The tension generated by the search for artistic beauty through natural beauty is summed up Lund Hagem's building, an “altar” made of concrete with a glass roof.

In this open-air museum the architect ensures that the marble sculptures are protected without isolating them from their context, recreating a museum with controlled temperature and lighting conditions. The pavilion has three concrete walls defining its space and a glass roof which rests on them, creating a sense of openness in this sheltered, circumscribed space.

The layout is shaped like a pair of binoculars, starting with an entrance with a glass door, announced by a rust-red corten monolith recalling the natural hues around it.

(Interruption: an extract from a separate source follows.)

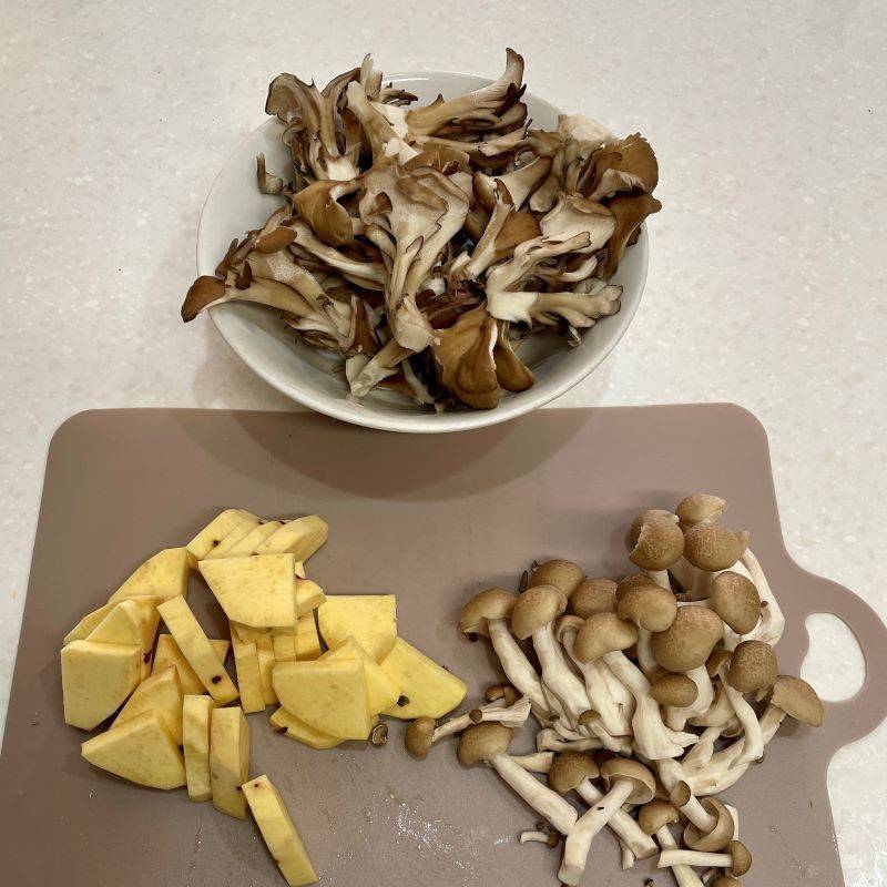 舞茸としめじは石づきを取り、食べやすい大きさにほぐしましょう。

The interior immediately forks off, with one branch ending in a floor to ceiling wall of glass that once again opens up the view of the building's natural surroundings and the other extending in length and in width to end in a plate glass window overlooking the bay. Where the space extends outwards, the exhibition areas are defined by changes in floor level; inclusion of a third central wall separates the space in two only to unify it again at the end, where the wall opens up into a big portal. This alternation of separate spaces and joint spaces dictates the rhythm of the exhibition and suggests that the space might be used to host small concerts and conferences.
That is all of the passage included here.